Court Opinion

ID: 7172789
Source: CourtListenerOpinion
Date Created: 2022-07-24 16:28:11.631486+00
Date Added: 2024-06-11T16:15:47.477521
License: Public Domain

O’NIELL,' J.
Appellant was convicted of the crime of grand larceny, and sentenced to imprisonment in the penitentiary. The only question of law presented is whether he was denied the constitutional right to have the assistance of counsel in his defense.'
Section 9 of the Bill of Rights, being article I of the Constitution, declares:
“The accused in every instance * * * shall have the right to defend himself, to have the assistance of counsel, and to have compulsory process for obtaining witnesses in his favor.”
There were similar provisions in the Bill of Rights in the previous Constitutions. Pursuant thereto, section 992 of the Revised Statutes contains this provision:
“Every person shall be allowed to make his full defense by counsel learned in the law; and the court before whom he shall be tried, or some judge thereof, shall immediately upon his request assign to him such counsel as he shall desire.”
The jurisprudence of this court maintains that the judge before whom an accused person is called for trial is not required to appoint an attorney at law to defend the party accused unless he requests it.
The complaint in this case is that the judge anticipated and forestalled such a request, because, as the minutes of the court show, “the court ordered the accused brought to trial without further delay and without an attorney.”
Appellant was arraigned on the 7th of February, 1922; that is, on the fourth day after the bill of information was filed. He was not represented by an attorney, at the arraignment, as far as the record shows. The next entry on the minutes of the court, after the arraignment, is of the proceedings had on the 17th of February, 1922. On that day, defendant’s attorney, Mr. Henifiques, announced to the court that he was no longer representing the defendant and requested that he be allowed to withdraw and have his name taken off of the record as attorney for defendant. The request was granted, and the court then appointed Mr. Conniffe, attorney at law, to represent defendant. On defendant’s request, the court immediately rescinded the appointment of Mr. Conniffe. The reason why defendant did not then want an attorney appointed to represent him, as shown by the subsequent minute entries, was that he had employed or intended to employ Mr. Moran to defend him. The next entry on the minutes is of the proceedings had on the 2d of March, 1922, when the case was called for trial. The first incident recorded in the minutes of that date was an announcement made by the presiding judge, and taken down by the stenographer, as follows:
“By the Court: The accused and Mrs. Messina phoned me, and were very indignant about a lawyer having been appointed, stating to ,me positively that they did not want an appointed lawyer; . that they wanted their own lawyer to represent them, mentioning Mr. Moran. That, on this, the 2d day of March, the case came on for trial. Mr. "Moran notified the court that he was no longer in the case, and would not have anything to do with the case. Whereupon the court ordered the accused *617brought to trial without further delay and without an attorney.”
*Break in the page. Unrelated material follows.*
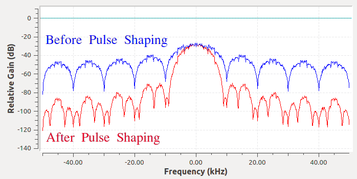 Note how much quicker the signal drops off in frequency. The sidelobes are ~30 dB lower after pulse shaping; that’s 1,000x less! And more importantly, the main lobe is narrower, so less spectrum is used for the same amount of bits per second.

The statement that, as soon as Mr. Moran announced that he had withdrawn from the case, “the court ordered the accused brought to trial without further delay and without an attorney,” leaves no doubt that defendant was denied an opportunity to request that an attorney be appointed to represent him, or to request a postponement of the trial in order that he might employ an attorney. The fact that he had not wanted an attorney appointed to represent him when he had employed or consulted an attorney of his' own choice did not justify the judge’s ordering him to trial without an attorney when the attorney whom he had employed suddenly withdrew from the' case.
After the jury had convicted him, defendant employed an attorney, who filed a motion for a new trial; which was the only remedy ever afforded him. The motion for a new trial was overruled, and the attorney reserved a bill of exceptions to the ruling. In State v. Bell, 110 La. 649, 34 South. 721, this court announced that the correct method of bringing up for review a ruling ordering an accused person to go to trial without an attorney was by a motion for a new trial, and by reserving a bill of exceptions to the overruling of the motion.
The decisions maintaining that an accused person who, preferring to defend himself, does not request that an attorney be appointed to defend him, cannot, after being convicted, complain of the failure of the judge to appoint an attorney to represent him, are not at all pertinent to this case. There is not the slightest intimation in the record that appellant was willing to go to trial without an attorney. The minutes do not even contain the stereotyped statement that the defendant announced that he was ready for trial. They contain the preamble, “The state and the defendant being ready for trial,” which statement by the minute clerk, of course, should not prevail -over the elearcut statement dictated by the judge, ordering that the defendant should go to trial without delay and without an attorney.
The judge’s reference to a phone message from Mrs. Messina, expressing indignation at his having appointed an attorney to represent the defendant, and saying “that they wanted their own lawyer to represent them.” is not explained anywhere in the record. We have had no intimation, and. have no knowledge as to who this Mrs. Messina was, or what she had to do with the case.
The verdict and sentence appealed from are annulled, and it is ordered that the case be remanded for a new trial.